Second Chances

This is the third in a series depicting the author’s experience in Marine Corps boot camp; the story continues just after the “recruit” is injured in training and is given two choices.

A little surgery didn't slow Randy down for long.

After discovering I had popped a hernia during the third week of boot camp, my drill instructors quickly shipped me to the nearby naval hospital for examination.

The next morning a Marine Corps major strode into my ward, which I shared with several others–collectively called the “sick, lame, and lazy”–and stopped at my bed.

Now understand, to a “boot private,” a Marine Corps major is a lofty being, a member of the Mount Olympus club. The only other major I had run into thus far in my three-week Marine Corps career had chewed me out for rendering a totally inadequate salute.

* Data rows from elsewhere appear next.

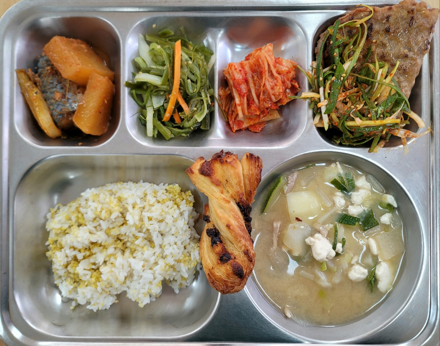 [중식] 기장밥,연두부된장국,언양식불고기*파채무침,고등어무조림(자율),미역줄기볶음(자율),배추김치
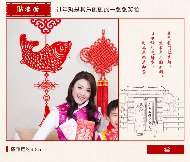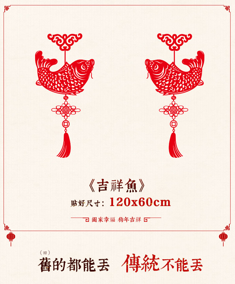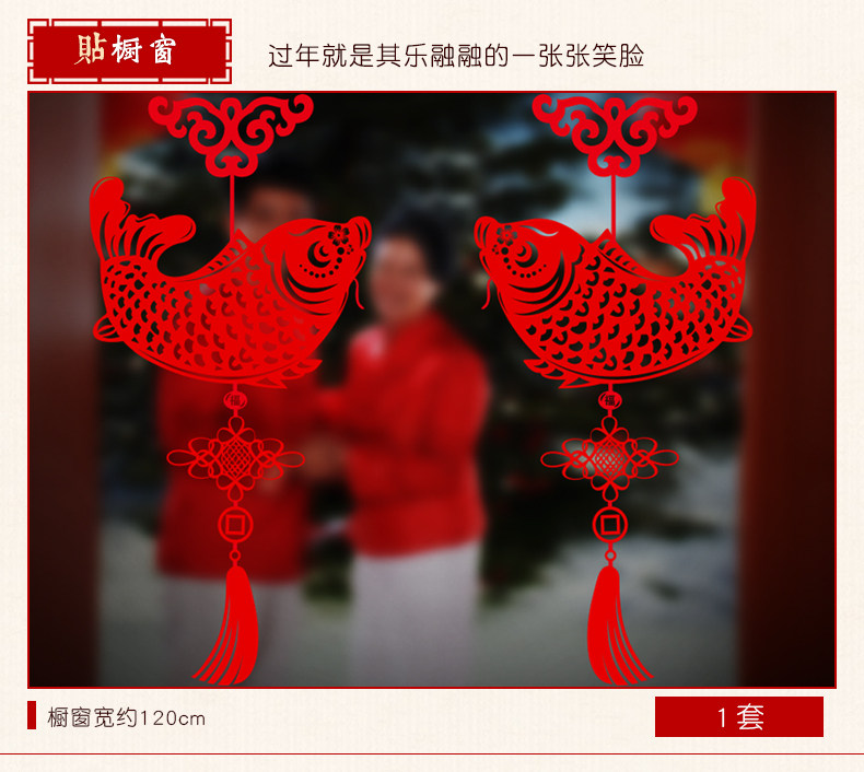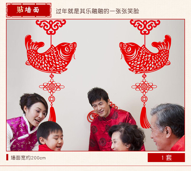 吉祥鱼窗户墙贴新年墙贴墙纸贴画墙壁贴纸可移除墙贴客厅一对喜气
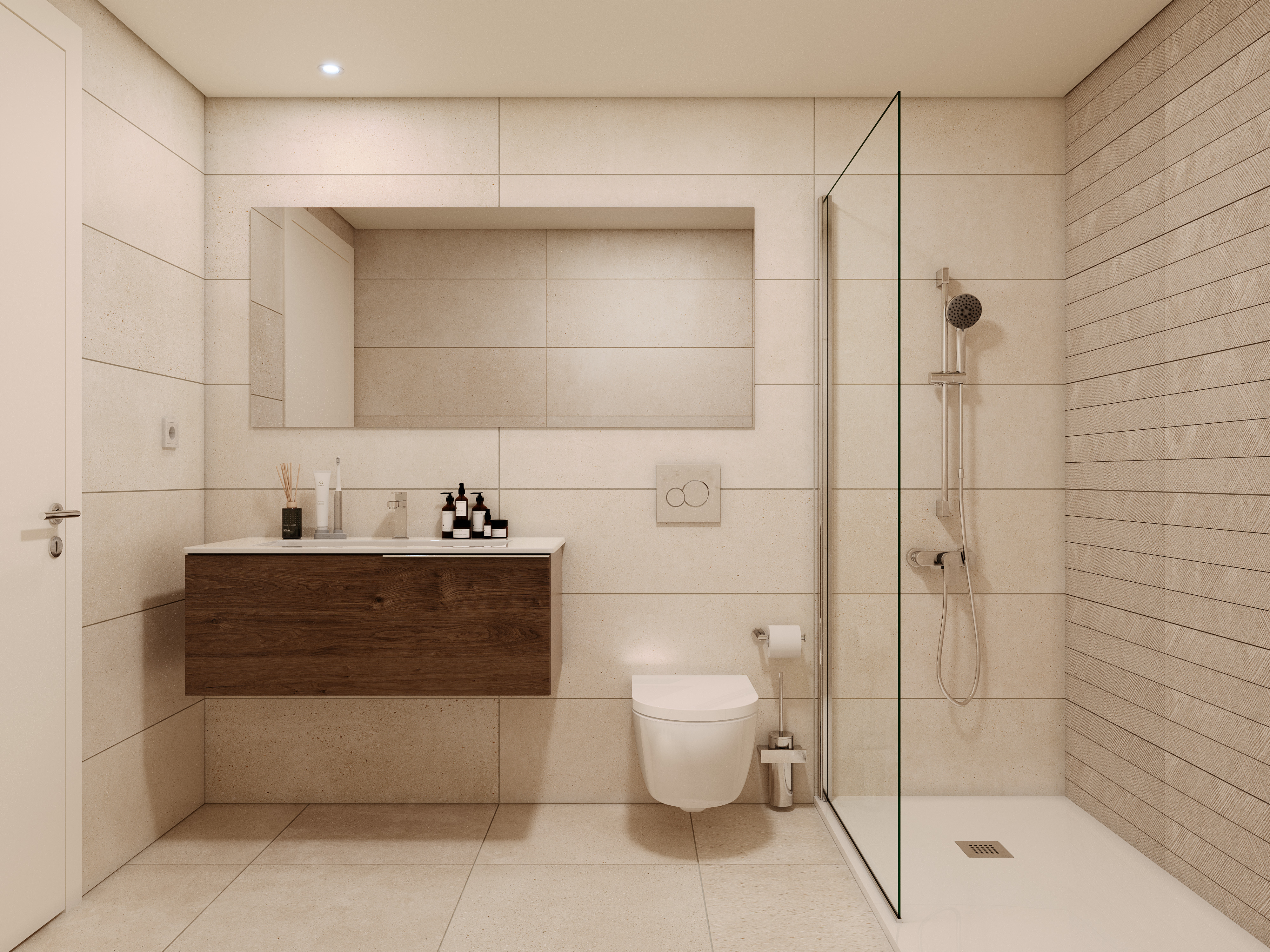 Com 219 apartamentos, do T1 ao T3, distingue-se pela arquitetura contemporânea e pelas áreas comuns pensadas para o bem-estar e a vivência comunitária: jardim privativo, sala gourmet, co-work, bicicletário e área de crosstraining.

So I scrambled to get out of my hospital bed and come to as good a position of “attention” as possible under the circumstances. But the major put his hand on my shoulder, lightly pushed me back, and said, “At ease, recruit, don’t get up.”

“Sir, aye, aye, sir,” I said, having learned that as a recruit, the first and last word when addressing anybody but another recruit was “sir” or “ma’am.” I tried to resume at least a respectful sitting position of attention, which wasn’t easy to do with a hernia.

A Fork In The Road

“Recruit,” the major said in a quiet and friendly tone, “you have a hernia, and you need surgery to fix it,” confirming what I already suspected.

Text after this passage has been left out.